When a blockage forms in the artery, cutting off blood flow to the heart, the heart muscle is damaged, essentially starved from a lack of oxygen. The faster the blockage is cleared, restoring proper blood flow and oxygen to the heart muscle, the less muscle is critically damaged, Stewart said.

Previously, the closest hospital for heart attack patients was Providence Holy Cross Medical Center, Stewart said.

The condition becomes more serious when a patient has multiple blockages, Stewart said. Often, this requires open-heart surgery.

Almost like opening a detour on the freeway, Patterson will take a vessel from another part of the body and create a new route for blood flow, which bypasses the series of blockage, she said.
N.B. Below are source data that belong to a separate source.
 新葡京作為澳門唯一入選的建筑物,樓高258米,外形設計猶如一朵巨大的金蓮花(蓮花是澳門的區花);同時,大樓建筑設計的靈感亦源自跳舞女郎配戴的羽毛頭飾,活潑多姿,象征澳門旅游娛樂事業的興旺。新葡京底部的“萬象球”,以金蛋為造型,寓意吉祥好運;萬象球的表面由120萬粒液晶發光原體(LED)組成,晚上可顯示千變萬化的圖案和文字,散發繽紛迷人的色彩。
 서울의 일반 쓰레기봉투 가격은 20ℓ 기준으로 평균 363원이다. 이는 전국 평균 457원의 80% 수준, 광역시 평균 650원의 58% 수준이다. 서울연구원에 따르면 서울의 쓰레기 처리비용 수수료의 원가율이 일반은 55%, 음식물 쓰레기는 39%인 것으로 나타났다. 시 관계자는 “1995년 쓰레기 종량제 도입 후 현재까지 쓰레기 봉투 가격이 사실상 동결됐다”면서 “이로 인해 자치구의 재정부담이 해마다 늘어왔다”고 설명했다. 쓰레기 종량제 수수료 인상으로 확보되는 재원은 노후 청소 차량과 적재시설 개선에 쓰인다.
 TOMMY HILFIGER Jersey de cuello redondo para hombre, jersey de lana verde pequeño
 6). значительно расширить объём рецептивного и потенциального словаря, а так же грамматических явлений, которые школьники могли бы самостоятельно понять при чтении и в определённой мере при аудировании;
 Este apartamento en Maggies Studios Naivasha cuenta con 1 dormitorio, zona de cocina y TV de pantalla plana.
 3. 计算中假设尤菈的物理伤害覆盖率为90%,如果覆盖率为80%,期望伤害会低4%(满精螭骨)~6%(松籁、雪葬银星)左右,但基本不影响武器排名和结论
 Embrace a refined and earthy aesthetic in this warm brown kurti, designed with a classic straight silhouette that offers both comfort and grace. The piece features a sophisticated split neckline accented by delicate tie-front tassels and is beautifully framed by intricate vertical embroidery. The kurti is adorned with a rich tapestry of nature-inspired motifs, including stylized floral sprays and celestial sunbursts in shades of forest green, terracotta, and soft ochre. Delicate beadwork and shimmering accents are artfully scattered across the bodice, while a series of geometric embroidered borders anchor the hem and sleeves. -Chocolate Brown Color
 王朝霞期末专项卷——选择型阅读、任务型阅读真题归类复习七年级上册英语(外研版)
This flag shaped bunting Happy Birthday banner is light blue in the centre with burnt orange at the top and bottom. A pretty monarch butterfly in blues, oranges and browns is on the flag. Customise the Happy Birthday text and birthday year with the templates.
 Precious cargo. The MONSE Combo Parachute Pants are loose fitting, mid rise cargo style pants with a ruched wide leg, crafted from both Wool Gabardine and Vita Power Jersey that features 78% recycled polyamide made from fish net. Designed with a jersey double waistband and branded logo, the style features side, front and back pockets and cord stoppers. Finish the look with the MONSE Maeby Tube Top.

Once the heart is pumping normally again, cardiac rehabilitation is the next step.

Nursing a broken heart
Not only did the designation bring needed services to residents, but it was also the missing piece in the full spectrum of adult cardiac services now available at the hospital.

After a patient is finished with treatment in the lab, they begin the education portion of their rehabilitation program, Stewart said.

“It’s about working with them to make the patient stronger and improve quality of life,” Stewart said. “Our philosophy has been to care for the patient in every phase of treatment.”

At the cardiac rehab center, staff works with heart patients to identify and modify risk factors, such as smoking, diet or lack of exercise.

“The heart is a forgiving muscle,” Stewart said. “You can slowly work up into exercise mode in a monitored environment.”

After recovering from treatment, the patient returns to the hospital to participate in the next phase of the cardiac rehab program: a closely monitored exercise program in a controlled environment, Stewart said.

With a cardiac rehab program, the support is available from doctors and nurses. Patients can monitor their heart rates and check in with medical professionals.

“We’re here if you need us,” she said.

Future goals for the center include expansion of the cardiac rehabilitation facility, more community education and, ultimately, more prevention, Stewart said.

“This is a life-saving program for the Santa Clarita Valley,” Stewart said. “We are establishing a long-term home for cardiac health in the community.”